VILLAGE OF LIVERPOOL – On Tuesday, June 18 village voters chose to switch the annual village election from mid-June to early-November. The referendum had 209 voters approving the move while 137 opposed it, according to unofficial results released by the Onondaga County Board of Elections on election night.
At its April 15 meeting, the Village of Liverpool Board of Trustees – Mayor Stacy Finney and trustees Melissa Cassidy, Rachel Ciotti and Matt Devendorf – voted 3 to 1 to put a referendum on this year’s village election ballot in which voters could choose the annual election date.
Devendorf voted against it.
As a result of the referendum’s passage last week, next year’s village election will be aligned with the general election scheduled on the first Tuesday after the first Monday in November.
Finney is expected to run for reelection in 2025, along with trustees Cassidy and Ciotti. Those three Democrats were first elected to office in the 2023 village election.
This year, two Republican trustees – Matt Devendorf and Michael LaMontagne – ran unopposed for reelection.

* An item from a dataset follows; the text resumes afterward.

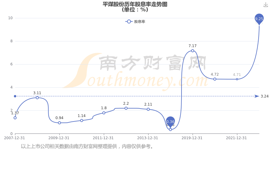 近年平煤股份年度股息率走势如下图:
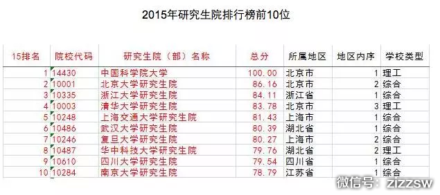 另外,中国科学院大学的研究生教育水平全国居首,北京大学、浙江大学、清华大学和上海交通大学分列二至五位。(参考武汉大学中国科学评价研究中心、中国教育质量评价中心联合中国科教评价网发布的《中国研究生教育及学科专业评价报告2015-2016》)

So did Village Justice Anthony LaValle, also a Republican.
The board of elections said LaValle tallied 102 votes, while Devendorf drew 203 and LaMontagne 197. Nine write-in votes were cast for judge, and 88 write-in votes were cast for trustee.
The nearby villages of Baldwinsville and Fayetteville recently chose to switch their election dates from the spring to the fall.
So now seven of the county’s 15 villages have decided to conduct elections in November.
Baldwinsville, Fayetteville and Liverpool join four other villages which have moved their elections to November, Solvay, East Syracuse, Tully and Elbridge.